Shaaya frames the “buy” portion of the event as an accelerator rather than a shortcut. Building is the foundation. Buying can speed up growth if the target fits the strategy. Selling is the later monetization of the combined enterprise.
That matters because many owners look at acquisition as a solution to immediate pressure rather than a deliberate move inside a larger plan. Shaaya warns against using acquisitions as a panic response to declining results. A weak company buying another company rarely fixes the deeper problem. In most cases, it compounds it.
His preference is that the buyer already be on stable footing, growing, and clear on why the acquisition matters before entering the market.
Shaaya is blunt about post-close reality: many acquisitions fail, and integration is a major reason. A deal thesis can make sense on paper and still disappoint if the buyer fails to integrate the people, processes, systems, and incentives needed to make the combined company work.
He points to several common breakdowns: overpaying, poor cultural fit, weak retention planning for key people, shallow diligence, and the assumption that the target will somehow “plug in” smoothly after closing. In reality, integration is work. If no one owns it from day one, the promised value often evaporates.
That is why he repeats a key line throughout the session: the deal is the beginning, not the outcome.
Shaaya gives a practical checklist for evaluating whether a target is actually worth pursuing. He wants to see a business that is stable, still growing, and not dependent on a stressed founder holding everything together. He wants leadership depth beyond the founder, credible financial visibility, and documentation that captures how the business actually runs.
That documentation matters more than owners often think. Standard operating procedures, repeatable systems, and usable internal knowledge are signals that the company can survive personnel changes and absorb integration pressure. If everything important lives inside one or two people, the buyer is inheriting fragility.
He also emphasizes quality of earnings and proper diligence. Numbers that look fine at a headline level still need to be tested. Buyers should not rely on surface-level financials alone when the acquisition will materially affect capital, risk, and future strategy.
To keep the decision process disciplined, Shaaya outlines a four-part framework: thesis, target, diligence, and integration.
Thesis means defining why the acquisition should happen at all. What problem is it solving? What acceleration does it create? Why now?
Target means deciding what a good fit actually looks like before a search begins. That includes non-starters, revenue expectations, margin expectations, geography, industry fit, and other traits that separate a serious opportunity from a distraction.
Diligence means doing the homework. Financial diligence, legal diligence, and business diligence should all pressure-test the story.

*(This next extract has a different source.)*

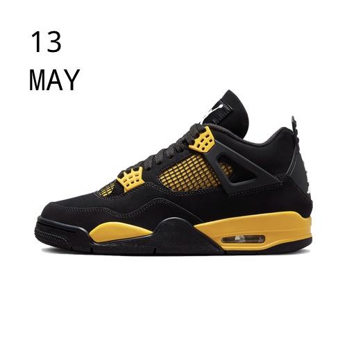 The NIKE AIR JORDAN 4 THUNDER brings another heavyweight retro colourway of the Jumpman’s fourth signature model. This slick Thunder retro features black nubuck uppers with elevating pops of yellow appearing throughout to create a bold statement that draws the same bold colour-blocking from its 2006 and 2012 releases. Contrasting white Jumpman logos appear on the tongues and back heels, rounding off a truly strong colourway. If you managed to scoop the Red Thunder back in 2021 then this bad boy needs to be sitting alongside them. Just saying…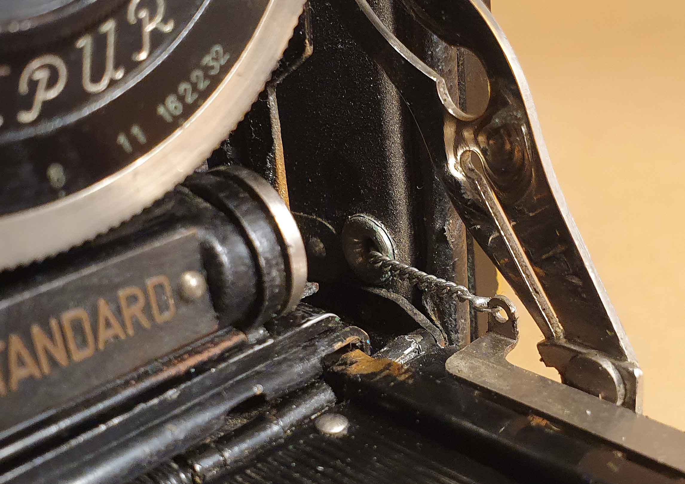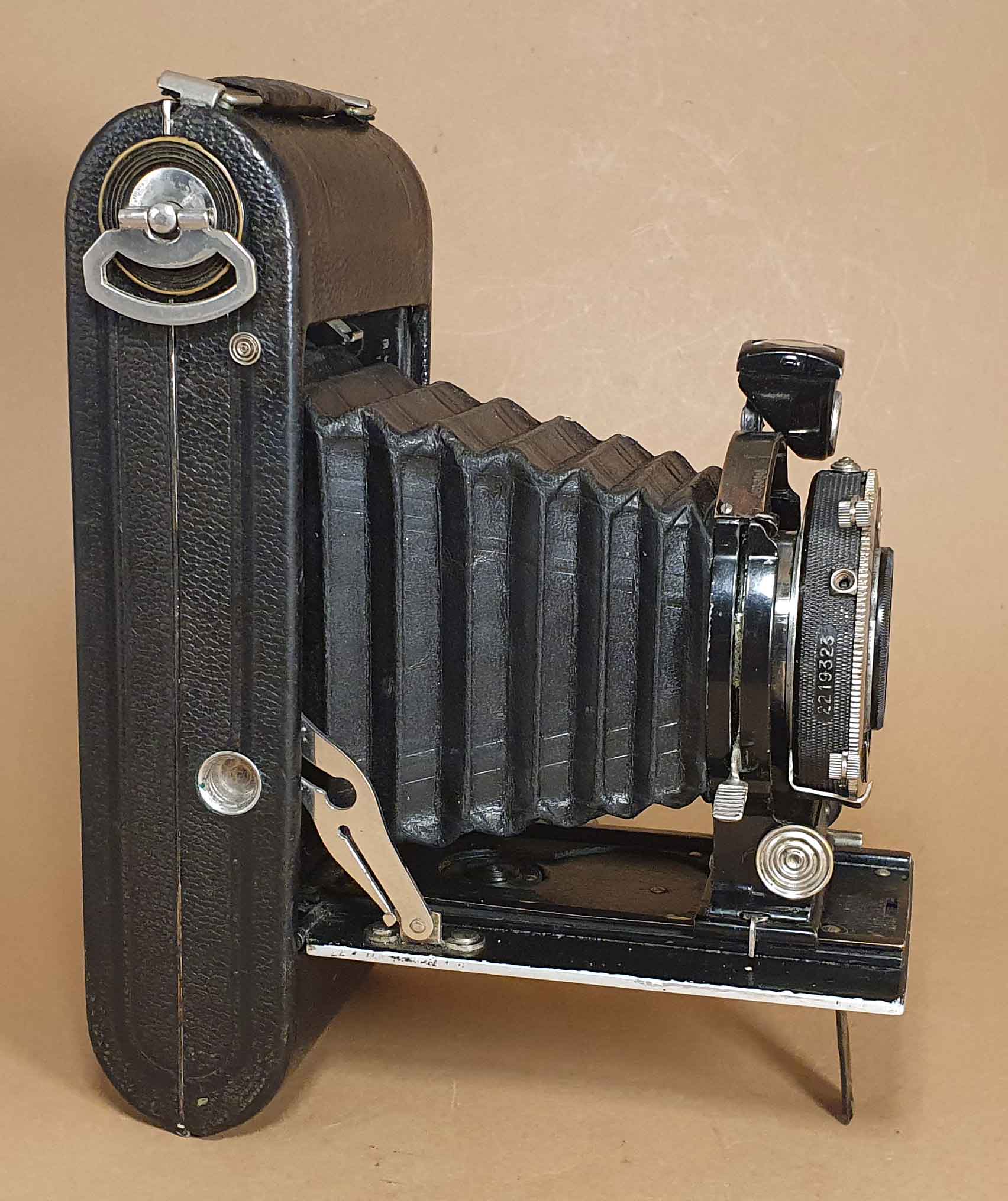 Das Modell Agfa Standard 254 hat der Rainer im Forum bereits vorgestellt (https://blende-und-zeit.sirutor-und-comp...2&thread=18). Den genauen Unterschied der Standard 254 zur hier vorzustellenden Standard 264 habe ich nicht herausgefunden, aber die KI behauptet, dass die 264 über die bessere Optik- und Verschluss-Ausstattung verfügt und ansonsten baugleich ist. Das hier vorzustellende Exemplar verfügt zusätzlich noch über den sogenannten Scharfeinsteller, der erst ab 1930 angeboten wurde und auf den ich weiter unten noch kurz eingehen werde. Die allgemeinen technischen Ausstattungsmerkmale der Kamera kann man bei der Vorstellung von Rainers 254 nachlesen. Bestückt ist meine Kamera mit einem Agfa Trilinear 4.5/10,5 cm im Compur-Verschluss. Das hier gezeigte Exemplar ist auch nicht ganz vollständig (fehlender Drahtrahmensucher) und weist deutliche Gebrauchsspuren auf. Der Fokus saß bei Ankunft der Kamera auch ‚Standard-gemäß' fest, konnte aber durch Erwärmen und anschließendes Entfernen der grünen Schmiere wieder gangbar gemacht werden.

Integration means deciding how value will actually be captured after the closing. If no one has an answer there, the process is incomplete.
Another useful theme in Shaaya’s session is that value is not created at closing. It is created through what the combined business can do afterward. That can mean scale, stronger margins, wider geographic reach, better market positioning, or a more attractive profile for the next buyer.
In that sense, an acquisition can increase enterprise value by making the combined company larger, more profitable, more diversified, and more interesting to future strategic or private equity buyers. But that only happens if the acquisition strengthens the whole. Otherwise, the buyer has simply purchased more complexity.
Shaaya also touches on acquisition financing and keeps the message disciplined. Whether capital comes from buyer equity, bank debt, SBA financing, or seller financing, the owner still has to avoid overextending the company. Financing can create leverage, but it does not fix a weak thesis or poor integration plan.
For general SBA guidance, see Buy an existing business or franchise, Merge and acquire businesses, and the SBA’s 7(a) loans overview.
Shaaya’s talk brings discipline to the acquisition conversation. If you want to buy well, define your thesis, know your target, pressure-test the numbers, and take integration seriously. If you want to sell well someday, build the kind of company a disciplined buyer would actually want to inherit.
It is one of the most practical sessions in the event because it turns “buy” into something more rigorous than enthusiasm and more useful than surface-level deal talk.